Replace Standing Rigging


  1. Notes:
    1. When I first bought Siren, the standing rigging was 12 years old and required replacement. I decided to replace everything so I would know the history of all the parts holding the mast up. I replaced the:
      1. Mast step (replaced the steel step with a custom made fiberglass step)
      2. All stays and shrouds
      3. Turnbuckles
      4. Tangs
      5. Chainplates
      6. Toggles
      7. Bolts
    2. I did as much work as I could, then hired Sam Gary to work beside me throughout the process from gathering materials and parts to re-stepping the mast. I supplied as much labor as I could while Sam supplied the knowledge and expertise. I would do it exactly the same if I had to do it over. It felt like a hands-on rigging workshop and I learned a ton without giving up the confidence in knowing the job was done correctly.
    3. I had to leave for a couple months for work, so a few friends helped me out to re-step the mast, re-attach everything and tune the rigging.
      1. Unfortunately, I don’t have as many details regarding that part of the process since I wasn’t present.

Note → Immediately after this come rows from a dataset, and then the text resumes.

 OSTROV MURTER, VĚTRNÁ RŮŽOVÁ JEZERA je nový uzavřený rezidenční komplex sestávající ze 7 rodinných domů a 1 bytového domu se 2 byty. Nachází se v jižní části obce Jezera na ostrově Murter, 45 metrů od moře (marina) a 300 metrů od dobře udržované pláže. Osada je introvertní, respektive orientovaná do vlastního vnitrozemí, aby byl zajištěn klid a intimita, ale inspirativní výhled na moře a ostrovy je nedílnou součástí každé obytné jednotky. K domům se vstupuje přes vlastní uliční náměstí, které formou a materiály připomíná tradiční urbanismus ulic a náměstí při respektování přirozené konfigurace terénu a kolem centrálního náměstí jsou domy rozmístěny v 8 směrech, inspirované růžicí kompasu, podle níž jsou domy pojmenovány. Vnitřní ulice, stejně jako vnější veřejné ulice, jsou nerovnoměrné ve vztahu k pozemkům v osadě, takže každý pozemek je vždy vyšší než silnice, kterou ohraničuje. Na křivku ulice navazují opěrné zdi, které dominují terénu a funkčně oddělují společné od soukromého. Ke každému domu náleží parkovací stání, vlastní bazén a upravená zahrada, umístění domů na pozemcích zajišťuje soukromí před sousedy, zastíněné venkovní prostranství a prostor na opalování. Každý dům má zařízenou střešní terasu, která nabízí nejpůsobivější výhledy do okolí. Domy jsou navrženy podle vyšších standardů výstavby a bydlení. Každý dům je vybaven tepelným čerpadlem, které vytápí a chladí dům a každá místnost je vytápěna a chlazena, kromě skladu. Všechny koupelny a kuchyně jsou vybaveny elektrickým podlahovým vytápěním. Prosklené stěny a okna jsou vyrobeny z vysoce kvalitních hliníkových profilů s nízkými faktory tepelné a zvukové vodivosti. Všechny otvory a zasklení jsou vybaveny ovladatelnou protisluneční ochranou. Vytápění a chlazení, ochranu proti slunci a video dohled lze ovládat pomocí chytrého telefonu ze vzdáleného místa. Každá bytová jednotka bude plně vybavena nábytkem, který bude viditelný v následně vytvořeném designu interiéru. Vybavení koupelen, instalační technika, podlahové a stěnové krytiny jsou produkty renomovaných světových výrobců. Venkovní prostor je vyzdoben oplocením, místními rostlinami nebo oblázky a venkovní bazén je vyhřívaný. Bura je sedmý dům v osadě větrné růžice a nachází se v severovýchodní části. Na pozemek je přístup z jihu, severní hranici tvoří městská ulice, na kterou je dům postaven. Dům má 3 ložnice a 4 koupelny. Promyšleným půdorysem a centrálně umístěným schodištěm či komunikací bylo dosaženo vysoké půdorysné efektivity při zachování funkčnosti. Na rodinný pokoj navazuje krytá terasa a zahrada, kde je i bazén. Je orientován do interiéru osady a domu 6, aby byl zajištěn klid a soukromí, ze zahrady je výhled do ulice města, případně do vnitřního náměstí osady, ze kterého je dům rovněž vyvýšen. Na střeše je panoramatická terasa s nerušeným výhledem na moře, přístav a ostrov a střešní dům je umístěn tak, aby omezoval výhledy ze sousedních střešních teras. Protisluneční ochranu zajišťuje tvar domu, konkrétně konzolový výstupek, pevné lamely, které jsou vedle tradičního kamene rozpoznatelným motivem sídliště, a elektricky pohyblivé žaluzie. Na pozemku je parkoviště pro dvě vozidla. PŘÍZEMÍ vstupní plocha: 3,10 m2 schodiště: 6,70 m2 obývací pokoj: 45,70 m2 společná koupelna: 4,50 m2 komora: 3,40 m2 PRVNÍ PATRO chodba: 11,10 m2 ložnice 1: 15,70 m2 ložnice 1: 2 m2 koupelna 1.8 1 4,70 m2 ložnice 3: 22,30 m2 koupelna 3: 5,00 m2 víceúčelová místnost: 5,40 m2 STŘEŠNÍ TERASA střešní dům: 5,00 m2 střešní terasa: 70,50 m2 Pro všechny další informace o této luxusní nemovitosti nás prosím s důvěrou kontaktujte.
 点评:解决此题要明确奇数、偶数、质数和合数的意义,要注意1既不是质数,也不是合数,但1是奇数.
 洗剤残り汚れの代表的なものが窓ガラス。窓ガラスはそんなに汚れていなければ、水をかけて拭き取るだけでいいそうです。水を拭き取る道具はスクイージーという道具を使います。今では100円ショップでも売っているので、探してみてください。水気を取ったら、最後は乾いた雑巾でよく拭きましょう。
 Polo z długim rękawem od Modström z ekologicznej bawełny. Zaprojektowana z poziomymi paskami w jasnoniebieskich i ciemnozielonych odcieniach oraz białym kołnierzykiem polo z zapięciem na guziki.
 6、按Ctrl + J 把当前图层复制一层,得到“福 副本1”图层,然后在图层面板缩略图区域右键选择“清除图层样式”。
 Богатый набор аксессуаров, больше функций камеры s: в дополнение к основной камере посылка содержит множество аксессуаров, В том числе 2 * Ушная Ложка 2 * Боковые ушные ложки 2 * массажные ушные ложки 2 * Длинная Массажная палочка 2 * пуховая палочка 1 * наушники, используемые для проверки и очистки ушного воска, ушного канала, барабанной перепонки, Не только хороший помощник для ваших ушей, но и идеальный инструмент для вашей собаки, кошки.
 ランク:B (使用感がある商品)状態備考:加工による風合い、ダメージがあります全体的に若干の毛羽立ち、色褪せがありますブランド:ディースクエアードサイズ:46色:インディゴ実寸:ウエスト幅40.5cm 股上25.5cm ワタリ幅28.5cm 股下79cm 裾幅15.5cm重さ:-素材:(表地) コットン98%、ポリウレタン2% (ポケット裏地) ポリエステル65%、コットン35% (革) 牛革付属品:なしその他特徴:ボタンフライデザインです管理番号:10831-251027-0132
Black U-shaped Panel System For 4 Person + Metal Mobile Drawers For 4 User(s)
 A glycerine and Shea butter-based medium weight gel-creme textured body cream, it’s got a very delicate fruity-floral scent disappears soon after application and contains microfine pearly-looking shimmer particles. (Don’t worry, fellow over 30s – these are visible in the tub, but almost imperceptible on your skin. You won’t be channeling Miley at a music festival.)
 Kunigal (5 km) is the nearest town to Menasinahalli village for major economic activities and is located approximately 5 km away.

  2. Cost ($9798 – Total):
    1. Materials ($6817):
      1. $31 – Misc parts.
      2. $15 – Belt sand paper to clean base of mast after cut.
      3. $50 – Blade for skill saw.
      4. $31 – Fiberglass plates to build mast step.
      5. $97 – Two 3/4″ x 10″ bolts from Hawaii Nut and Bolts with Nylocks and washer-tangs.
      6. $27 – Four 3/8″ x 4″ bolts and 4200 for mast step at deck partners.
      7. $86 – Supplies to re-install chainplates
      8. $152 – Chainplate bolts
      9. $3323 – Standing rigging, turnbuckles, toggles, etc.
      10. $200 – Forestay and backstay toggles
      11. $350 – Custom aluminum baseplate for mast step
      12. $2039 – New chainplates and tangs
      13. $413 – Sales tax.
    2. Labor ($2981):
      1. $314 – Crane operator to un-step mast.
      2. $782 – Crane to step mast.
      3. $780 – Unstep mast, disassemble and measure rig, order
        chainplates and tangs, cut mast base, install misc. lights.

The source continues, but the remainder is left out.